Explanation: The number $f^{-1}(-3)$ is the value of $x$ such that $f(x) = -3$.  Since the function $f$ is defined piecewise, to find this value, we must consider both cases $x \le 1$ and $x > 1$.

If $x \le 1$ and $f(x) = -3$, then $2 - x = -3$, which leads to $x = 5$.  But this value does not satisfy the condition $x \le 1$.  If $x > 1$ and $f(x) = -3$, then $2x - x^2 = -3$, or $x^2 - 2x - 3 = 0$.  This equation factors as $(x - 3)(x + 1) = 0$, so $x = 3$ or $x = -1$.  The only value that satisfies the condition $x > 1$ is $x = 3$, so $f^{-1}(-3) = 3$.

Next, we compute $f^{-1}(0)$, which is the value of $x$ such that $f(x) = 0$.

If $x \le 1$ and $f(x) = 0$, then $2 - x = 0$, which leads to $x = 2$.  But this value does not satisfy the condition $x \le 1$.  If $x > 1$ and $f(x) = 0$, then $2x - x^2 = 0$, or $x^2 - 2x = 0$.  This equation factors as $x(x - 2) = 0$, so $x = 0$ or $x = 2$.  The only value that satisfies $x > 1$ is $x = 2$, so $f^{-1}(0) = 2$.

Finally, we compute $f^{-1}(3)$, which is the value of $x$ such that $f(x) = 3$.

If $x \le 1$ and $f(x) = 3$, then $2 - x = 3$, which leads to $x = -1$.  Note that this value satisfies the condition $x \le 1$.  If $x > 1$ and $f(x) = 3$, then $2x - x^2 = 3$, or $x^2 - 2x + 3 = 0$.  This equation can be written as $(x - 1)^2 + 2 = 0$, which clearly has no solutions, so $f^{-1}(3) = -1$.

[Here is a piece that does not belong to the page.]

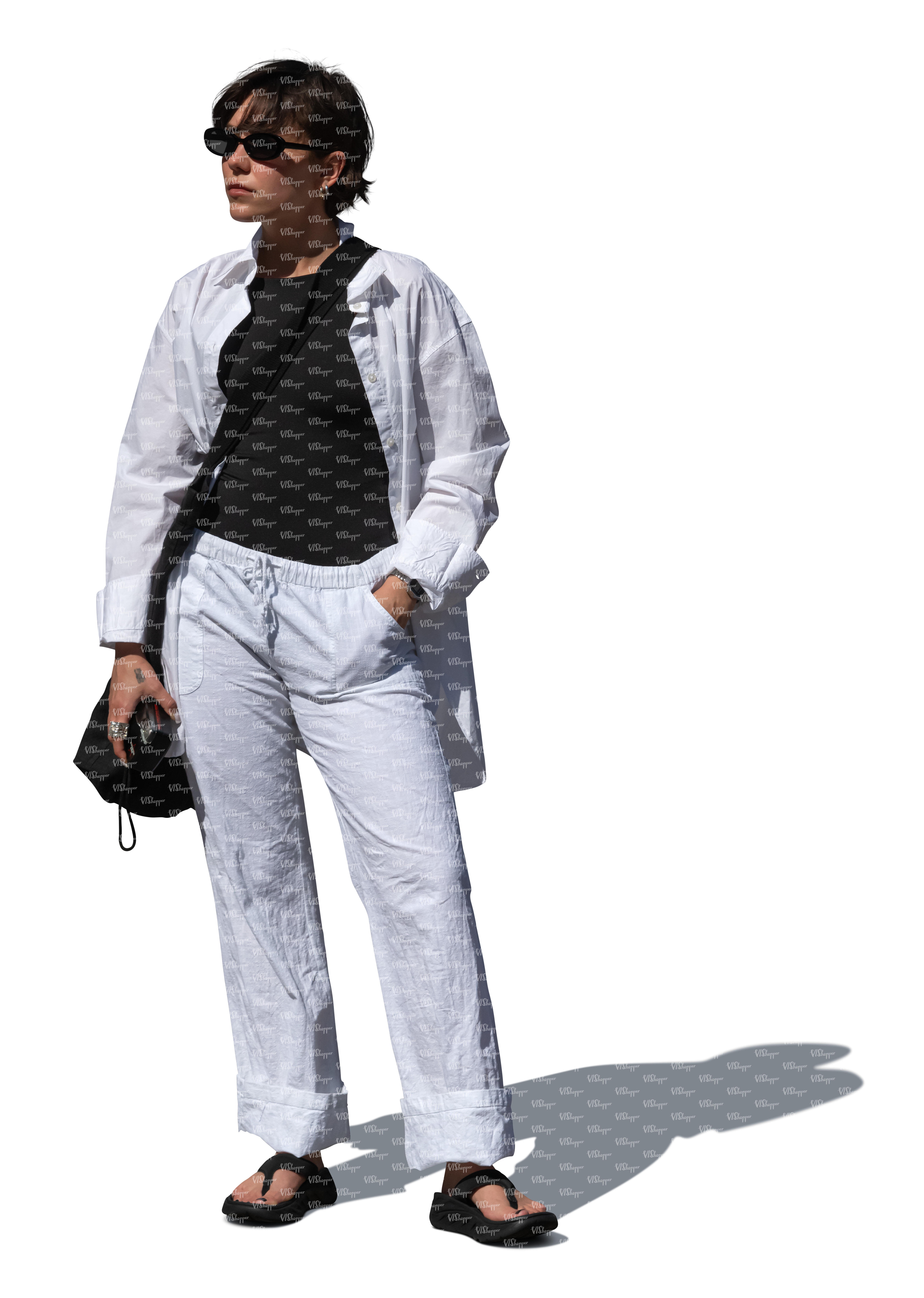 • cut out woman in casual summer outfit standing

Therefore, $f^{-1}(-3) + f^{-1}(0) + f^{-1}(3) = 3 + 2 + (-1) = \boxed{4}$.

[asy]
unitsize(3mm);
defaultpen(linewidth(.7pt)+fontsize(8pt));
import graph;

draw((-8,0)--(8,0),Arrows(4));
draw((0,-8)--(0,8),Arrows(4));

real f(real x) {return 2-x;}
real g(real x) {return 2x-x^2;}

real x;

draw(graph(f,-5,1),BeginArrow(4));
draw(graph(g,1,4),EndArrow(4));

real eps = 0.2;

draw((-eps,3)--(eps,3));
draw((-eps,0)--(eps,0));
draw((-eps,-3)--(eps,-3));

dot("$(-1,3)$",(-1,3),SW);
dot("$(2,0)$",(2,0),NE);
dot("$(3,-3)$",(3,-3),E);

label("$f(x)$",(1.5,8.5));
label("$x$",(8.5,-1));
[/asy]